I just now checked coreutils. Two programs use SA_RESETHAND. The
first (csplit) is clearly using it incorrectly, and won't work
properly on any host that implements SA_RESETHAND according to POSIX.
The second (dd) is using the above idiom already, that is, it is
assuming SA_RESETHAND is #defined to 0 on hosts that don't support it.
(It has some obsolete comments though, that need fixing.)
Conversely, the two programs that depend on SA_RESTART will
probably misbehave if a signal interrupts a system call on
NonStop. I see no easy fix for this, and I expect the gnulib
change may be the best we can do.
Here are a couple of patches that address the SA_RESETHAND problems
mentioned above. They assume the gnulib change. They fix the csplit
bug (and also allow it to work on NonStop, assuming the gnulib
change).
diff --git a/src/csplit.c b/src/csplit.c
index 438d888..4a0914e 100644
--- a/src/csplit.c
+++ b/src/csplit.c
@@ -225,6 +225,9 @@ static void
interrupt_handler (int sig)
{
delete_all_files (true);
+
+ signal (sig, SIG_DFL);
+
/* The signal has been reset to SIG_DFL, but blocked during this
handler. Force the default action of this signal once the
handler returns and the block is removed. */
@@ -1421,7 +1424,7 @@ main (int argc, char **argv)
act.sa_handler = interrupt_handler;
act.sa_mask = caught_signals;
- act.sa_flags = SA_NODEFER | SA_RESETHAND;
+ act.sa_flags = 0;
for (i = 0; i < nsigs; i++)
if (sigismember (&caught_signals, sig[i]))

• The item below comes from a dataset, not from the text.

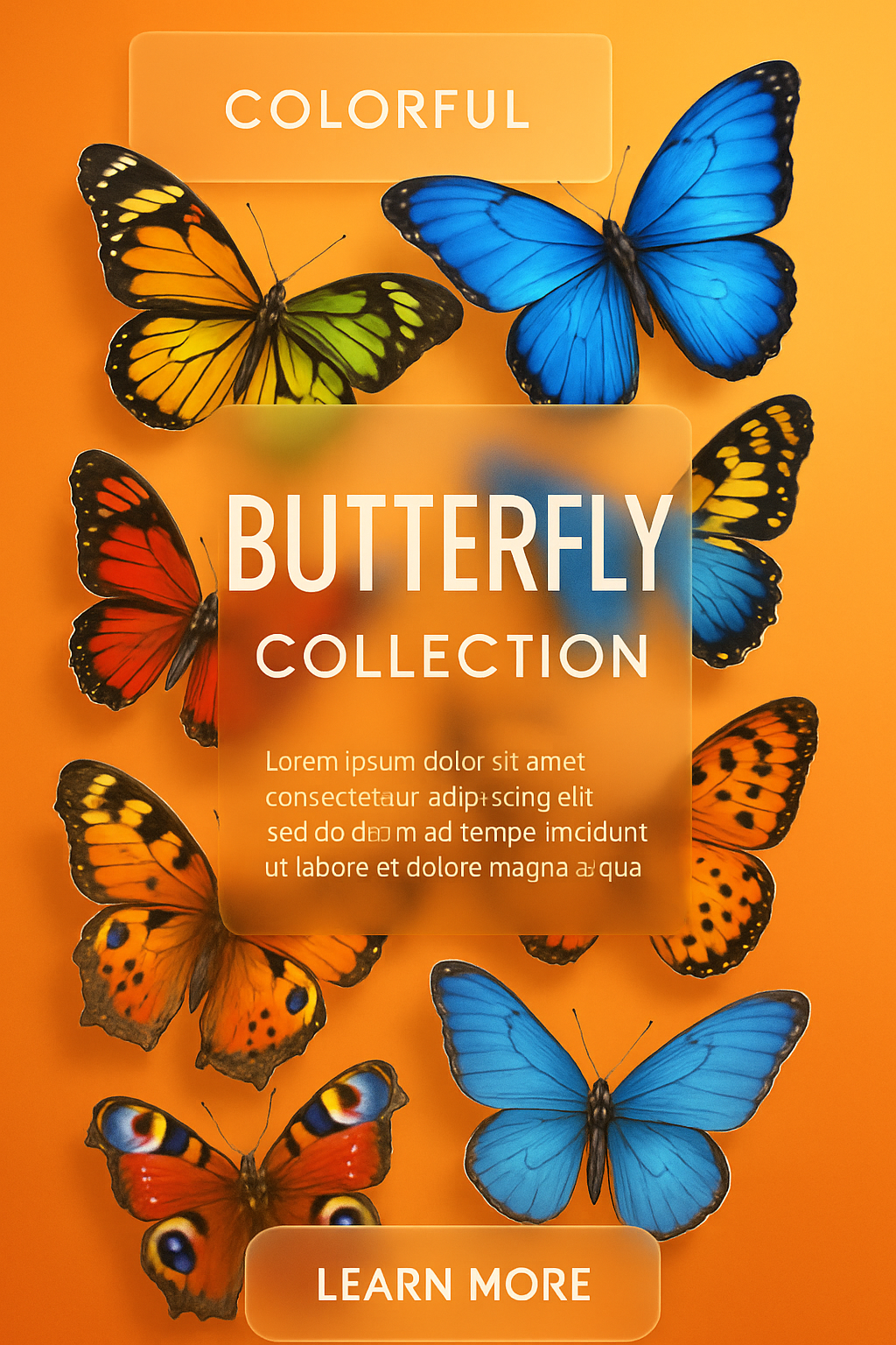 /Collection: /by davooda/Type: PNG/A stunning showcase of various butterfly species against a vibrant gradient background. The design features layered glass panels with text, creating a modern, editorial look.

diff --git a/src/dd.c b/src/dd.c
index 45aa9b9..c30c78a 100644
--- a/src/dd.c
+++ b/src/dd.c
@@ -45,7 +45,7 @@
proper_name ("Stuart Kemp")
/* Use SA_NOCLDSTOP as a proxy for whether the sigaction machinery is
- present. SA_NODEFER and SA_RESETHAND are XSI extensions. */
+ present. */
#ifndef SA_NOCLDSTOP
# define SA_NOCLDSTOP 0
# define sigprocmask(How, Set, Oset) /* empty */
@@ -726,9 +726,6 @@ install_signal_handlers (void)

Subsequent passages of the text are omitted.